There was no borderline between fashion and art within Fiorella Mancini's creative world. In one 1981 performance, to denounce the deterioration of Venice, she installed a sculpture of a giant mouse on a boat which passed through the canals of Venice, led by people wearing a mask made of stuffed pigeons. That year she also threw several legendary parties, including the Pink Prison Party or the Cat International Party.

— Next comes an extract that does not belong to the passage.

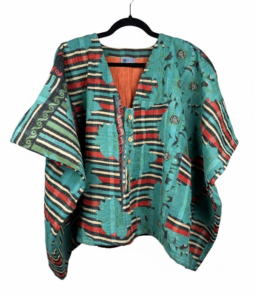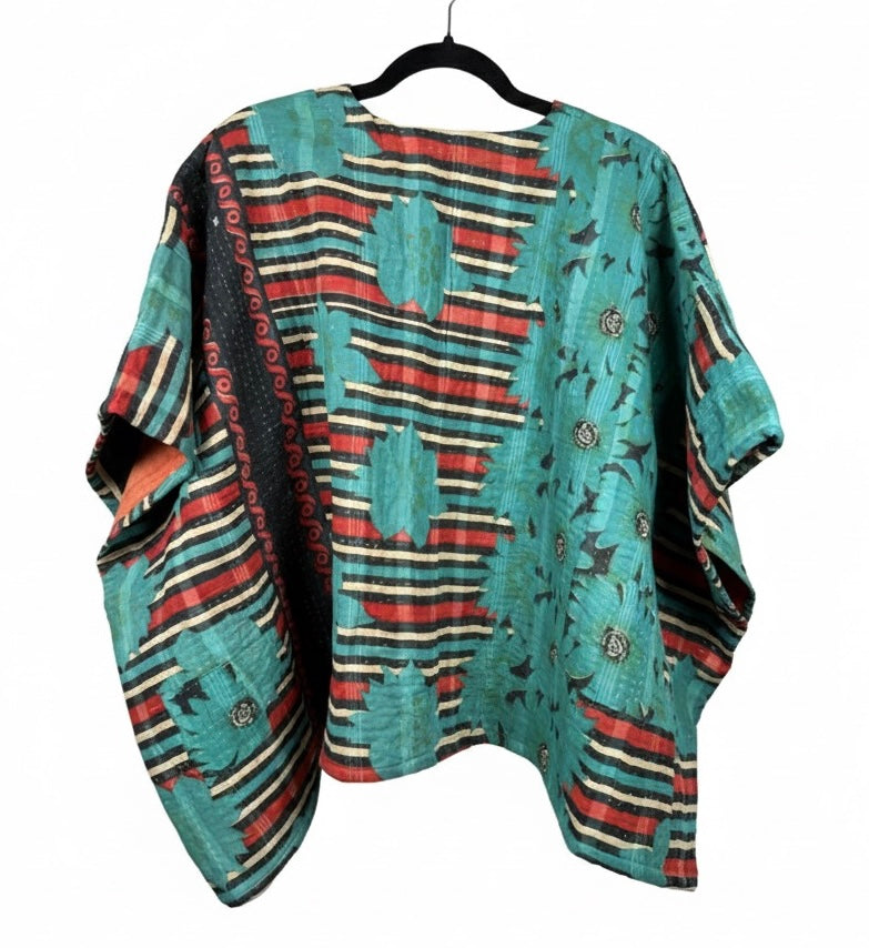 Our vintage styles have lived a full life before becoming the designs in our shop. Fabrics may have small threads or holes in the layers. Color inconsistency or small stains may be present. The saris are sewn together and extend the life of each design. Imperfections should be celebrated.

Mancini also organized and curated several exhibitions, such as I Dogi della Moda in 1984, which was exhibited at Palazzo Grassi during the period in which she was president of the Veneziamoda Committee. Twenty of the most influential designers of the time (including Armani and Vivienne Westwood), presented clothes focused on the theme of disguise on mannequins sculpted by the Australian artist Rod Dudley, with the heads of twenty doges placed on a stylized female body. Visitors were accompanied by guides carrying giant bee sculptures on their backs. Photographer Franco Fontana documented the exhibition, and his photos were included in the exhibition catalog. The exhibition also toured several museums, including Ara Pacis Museum in Rome.

Mancini also protested against institutional organisations. In 2005, for example, she held an anti-Biennial exhibition in her atelier. Under a neon sign that read "bed and breakfast", two men in their underwear shared a bed for five days, like a kind of reality show in the window instead of on the screen. The absence of taboos was her trademark, which led her to mix culture and pop references, glamour and punk, sacred and profane, and courtly and histrionic spirit.

Fiorella Mancini died in 2021 at the age of 78, and her gallery in Campo Stefano subsequently closed.

== Personal life ==
Mancini was married to architect Plinio Danieli.

== Awards ==
In 2008, Mancini received an award for her achievements in the fashion world from the Swiss National Chamber of Fashion.